Я никогда не считала себя настолько смелой, чтобы обратиться к пластической хирургии. Тем более, никогда не подумала бы, что начну рассуждать на эту тему в тридцать шесть лет. Но и предательства мужа я не ожидала.

…Поднимаюсь по лестнице, в комнатах тихо. Казалось бы, когда в дом кто-то входит после полуночи, проклятой собаке стоит хотя бы вякнуть, но она преспокойно дрыхнет под боком моего неверного мужа — где же ей еще быть. Я уже наверху, коридор темен, но из-под двери Джоди пробивается свет. Только я собралась было постучать в дверь, как расслышала, что в комнате идет разговор. Наверное, догадываюсь я, она снова болтает по своему сотовому, и вновь задаюсь вопросом, с кем это может моя дочь говорить так поздно. В это время из комнаты дочери вдруг доносится незнакомый женский голос.

— Эй, — восклицаю я и стучусь.

Джоди открывает дверь, и я вижу красивую белокурую девочку, по виду — ровесницу моей дочери, сидящую на ее постели.

— Привет, — как ни в чем не бывало говорит Джоди.

— Как дела? — спрашиваю, а сама гляжу в сторону блондинки.

— Нормально, — отвечает дочь, вроде недовольная тем, что я таращусь на ее гостью, — это Кайли, моя школьная подруга.

— Привет, Кайли.

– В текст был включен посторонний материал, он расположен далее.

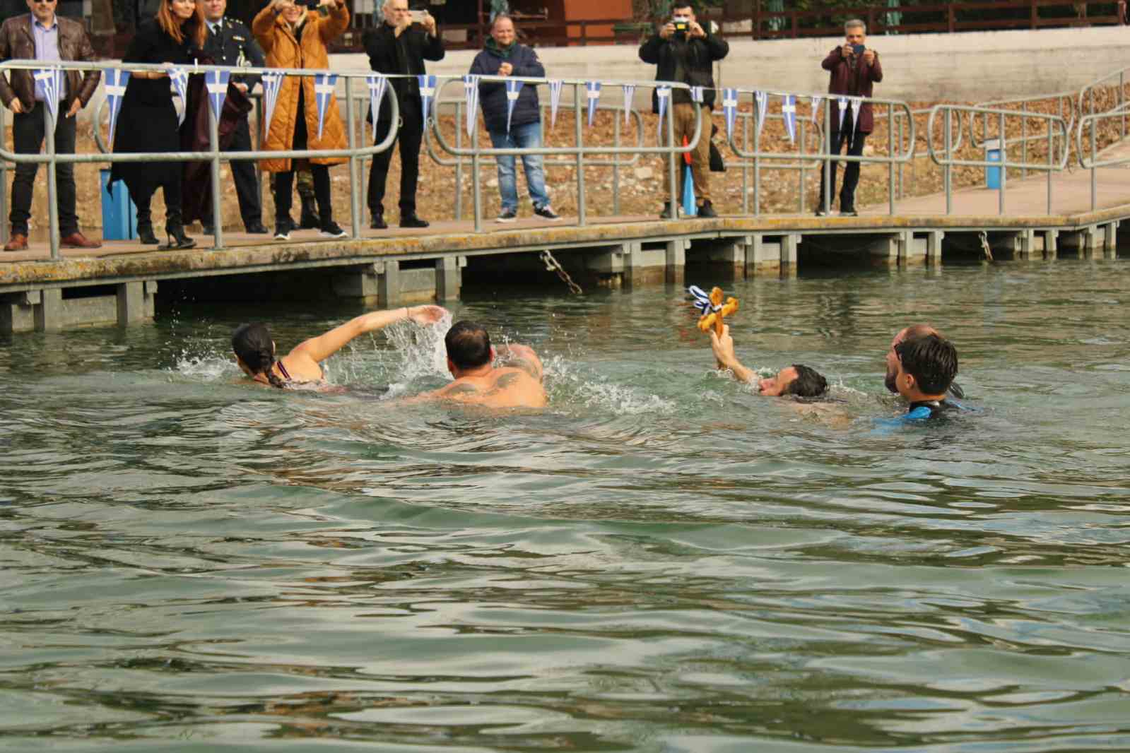 Η τελετή καθαγιασμού των υδάτων πραγματοποιήθηκε στις 12:15 μ.μ., παρουσία πλήθους πολιτών που προσήλθαν για να τιμήσουν μία από τις σημαντικότερες εορτές της Ορθοδοξίας. Τον αγιασμό των υδάτων και τη ρίψη του Τιμίου Σταυρού τέλεσε ο Θεοφιλέστατος Επίσκοπος Αμφιπόλεως, Πρωτοσύγκελλος της Ιεράς Μητροπόλεως Σερβίων και Κοζάνης κ. Χριστοφόρος.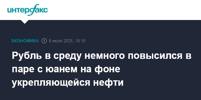 Москва. 9 июля. INTERFAX.RU - Китайский юань слегка опустился на Московской бирже по итогам торгов в среду, рубль немного укрепился на фоне позитивной динамики цен на нефть. Курс китайской валюты в 19:00 по Москве составил 10,8375 руб., что на 1,75 коп. ниже уровня закрытия предыдущих торгов.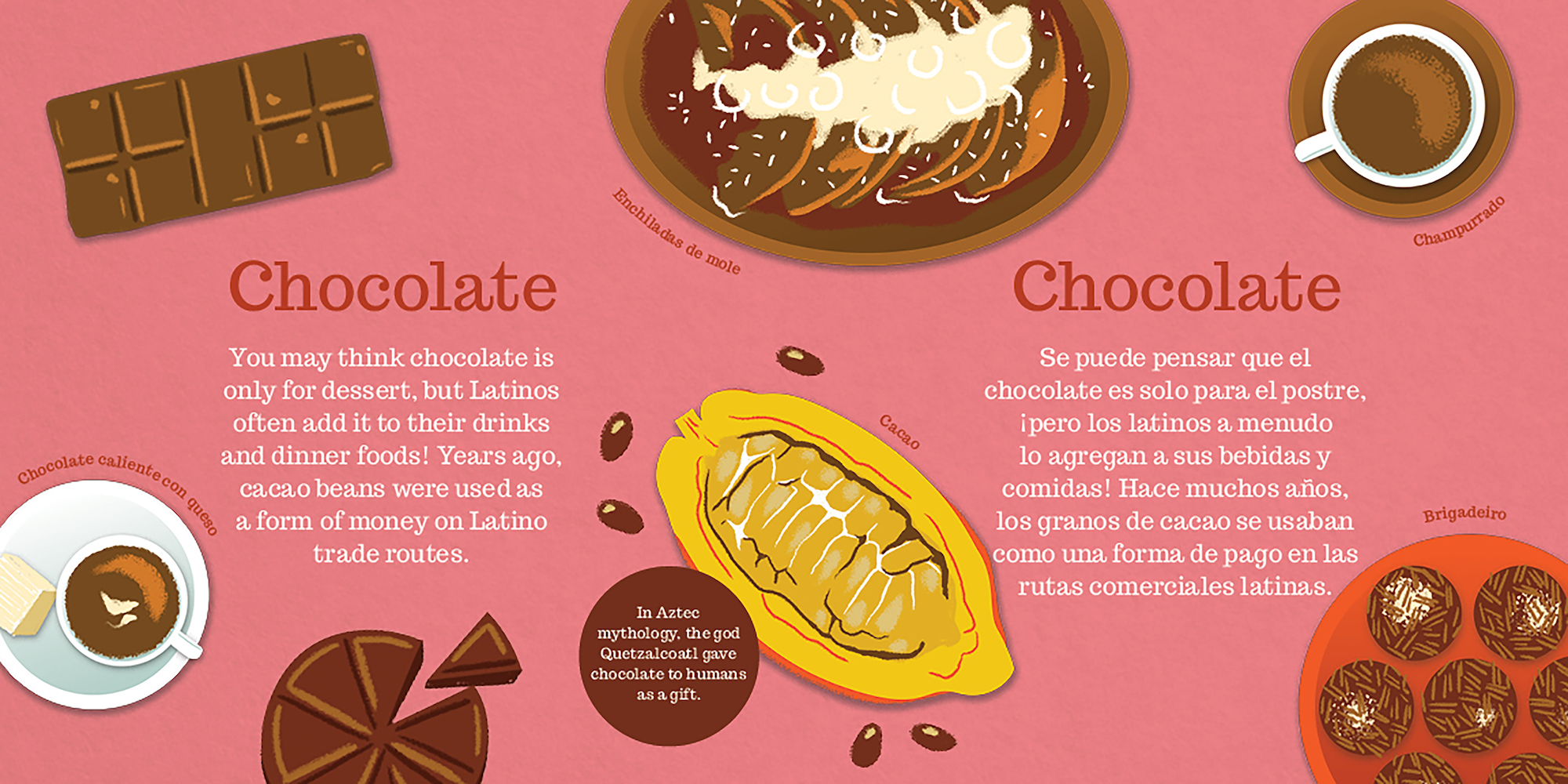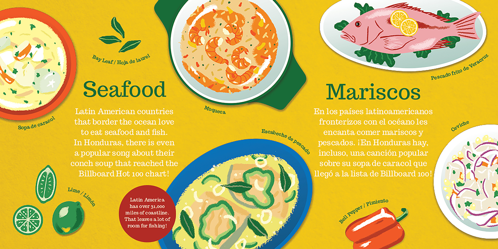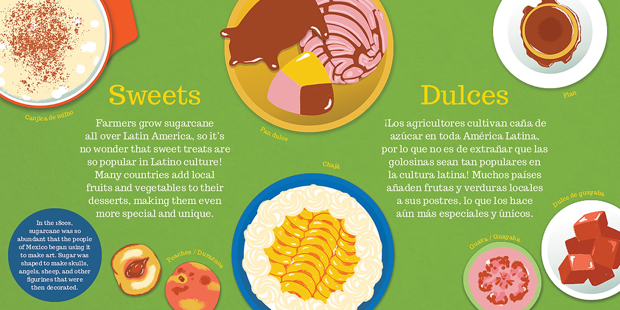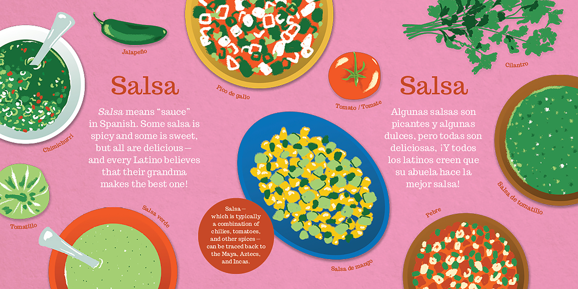 The dishes and their descriptions are given in both English and Spanish, and parents will enjoy the sidebars with additional fun facts about Latino food and culture. This bilingual board book takes the reader beyond a basic language primer and dives deep into the heart of Latino culture . . . which is the food, of course!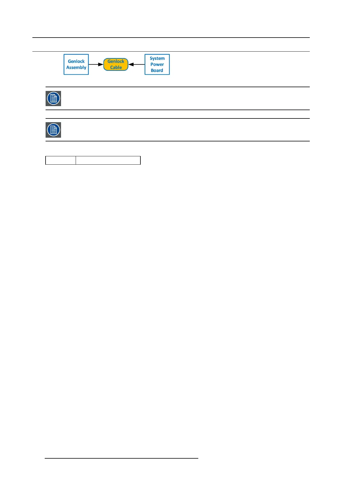 The flat ribbon Genlock cable connects the Genlock Assembly to the System-Power board. This procedure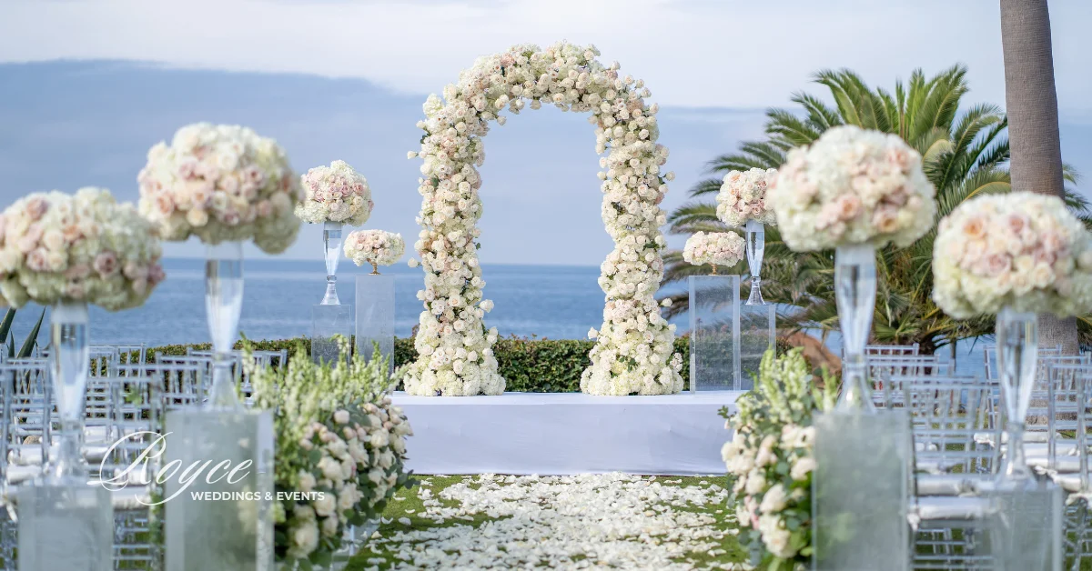 Genuine love and friendship are the foundation of this dazzling Montage Laguna Beachfront wedding overlooking the Pacific sea. At first glance, the venue’s elegance and iconic look fascinate the couple. The sweeping view of the ocean and the perfectly-manicured lawn is superb for both the ceremony and reception. The welcoming site is perfect for any wedding style and shade. But we are swooning over the ivory and soft pastel elegance that was incorporated into this special day. The dashing ceremony arch is definitely the star of the show, especially with the dazzling ocean as the backdrop.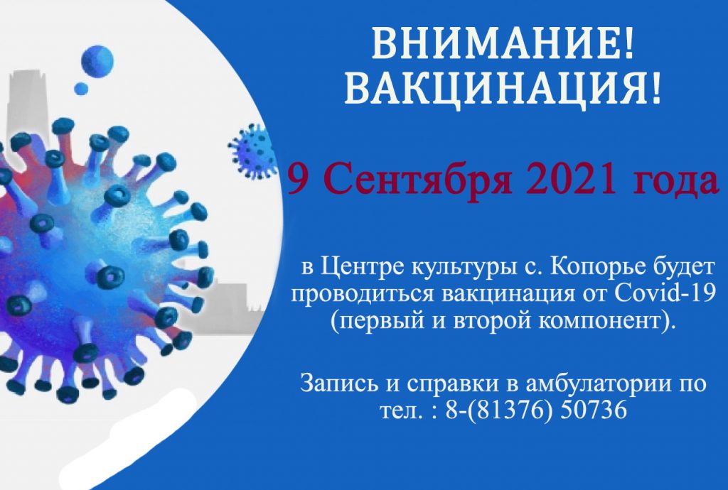 Внимание! Вакцинация от Covid-19 Уважаемые жители Копорского сельского поселения! 9 Сентября 2021 года в Доме культуры с.Копорье будет проводиться вакцинация от Covid-19 (второй компонент). Предварительная запись на прививки и справки в Копорской амбулатории по тел.: 8(813) 76 50736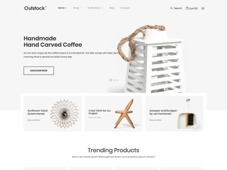 Outstock, çok çeşitli mağazalar için oluşturulmuştur ve e-ticaret markanıza uygun olmasını sağlamak için kolayca özelleştirilebilir.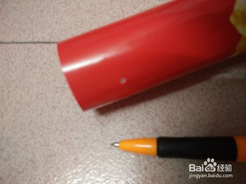 用没笔水的尖笔头把鞭炮筒一头穿一个洞。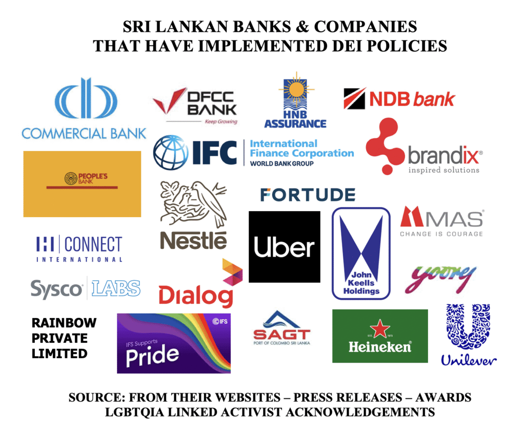 Below is a documented list of Sri Lankan companies that have officially adopted DEI policies—knowingly linking themselves to LGBTQIA compliance frameworks through partnerships, donor programs, or HR policy changes.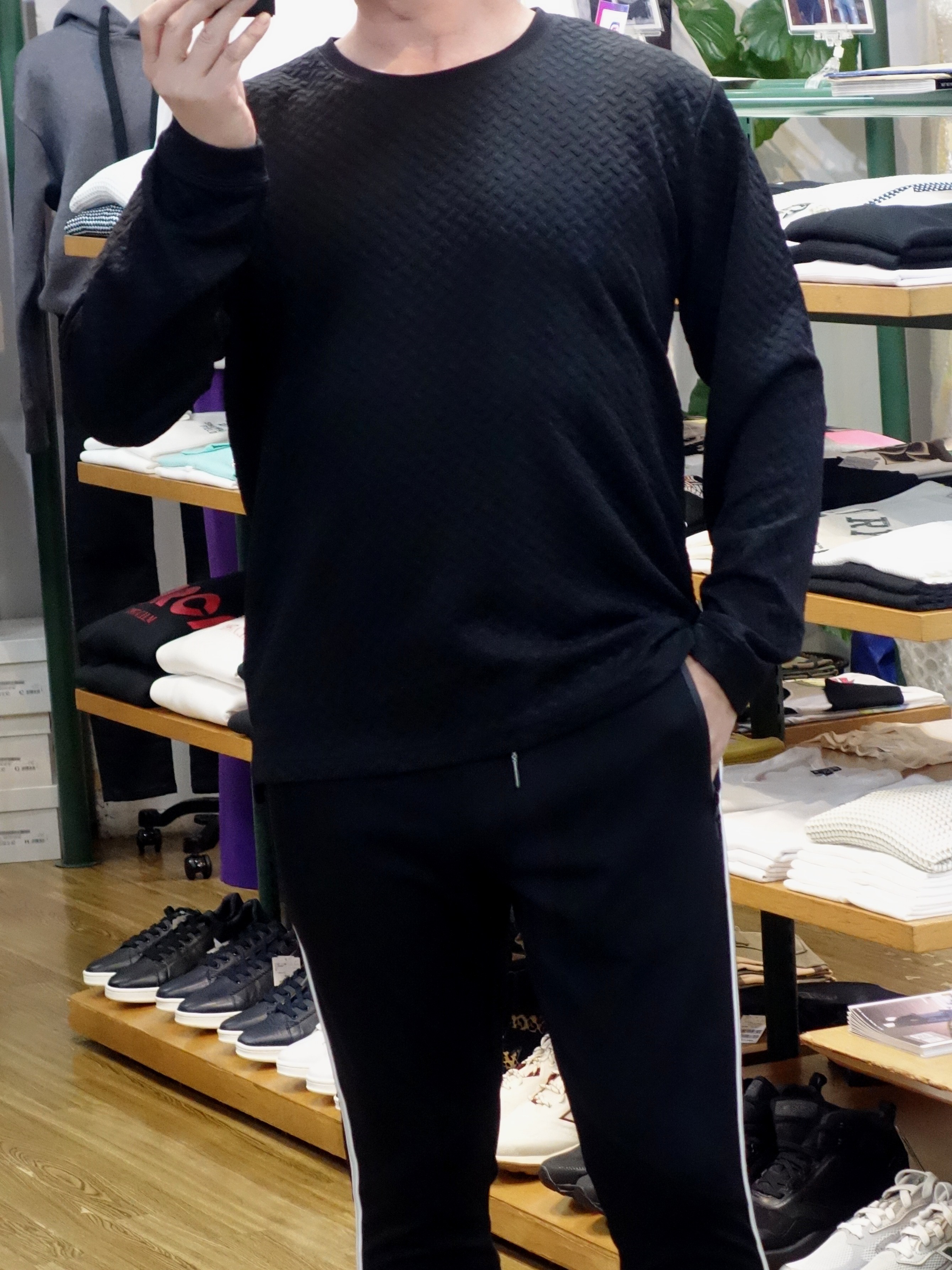 ニットの様な上質感で肌触りの良い一着です |  表面に細かな長方形を立体に編み込んだ酒脱柄 |

Рада знакомству.

— А… да. Я тоже, — отвечает Кайли.

— Чем это вы, девочки, занимаетесь в столь поздний час? Вам же завтра в школу.

— Так, занимаемся кое-чем из домашнего задания.

— А, понятно, — говорю я, хотя их ответ меньше всего похож на правду. Ох, голову даю на отсечение, что это не первые полуночные посиделки. Как же я не проследила… — Итак, уже поздно. Думаю, пора вам закругляться. Тебя подвезти? — спрашиваю я Кайли.

— Не надо, у меня машина тут неподалеку стоит, — отвечает она и начинает собираться.

— Хорошо. Спокойной ночи, дорогие.

По пути в спальню я теряюсь в догадках. Джоди редко водит школьных друзей домой, а эта Кайли не из тех, с кем моя дочь стала бы общаться. Создается впечатление, что Кайли больше похожа на тех девочек, которых дочь называет «Барби». И тут, словно гром среди ясного неба, до меня доходит — Кайли и есть одна из тех девиц, группка которых выдала нечто обидное в спину моей дочери; я видела их, когда заезжала за ней в школу, чтобы отвезти к стоматологу. Конечно, я могу и ошибаться. Та девочка попалась мне на глаза лишь мельком, а школа «Доминьон», скорее всего, переполнена подобными крашеными блондиночками. Но даже если Кайли и не та самая красотка, это не имеет большого значения. Важно другое: есть в их общении что-то неправильное.

Приняв душ, я надеваю ночную рубашку и отправляюсь в постель. Джим спит без задних ног и храпит, словно медведь, собака устроилась у него под боком. Когда я потихоньку ложусь, Хельга поднимает голову, и я вижу, как ее большие влажные карие глаза поблескивают в темноте. Она бросает на меня взгляд «а, это снова ты» и кладет голову обратно на кровать. Я устраиваюсь поудобнее, поворачиваюсь на бок и слушаю храп Джима. Вспоминается, как в прошлом я расталкивала его и говорила, что он храпит, даже если он спал тише младенца, только для того, чтобы он повернулся на бок, а я прижалась к нему. Одна половина меня хочет сделать это сейчас, но другая давит неуместный приступ нежности. Как я могу хотеть с ним любви, если знаю, что он занимается сексом с другой женщиной? С чего вдруг я захочу этого?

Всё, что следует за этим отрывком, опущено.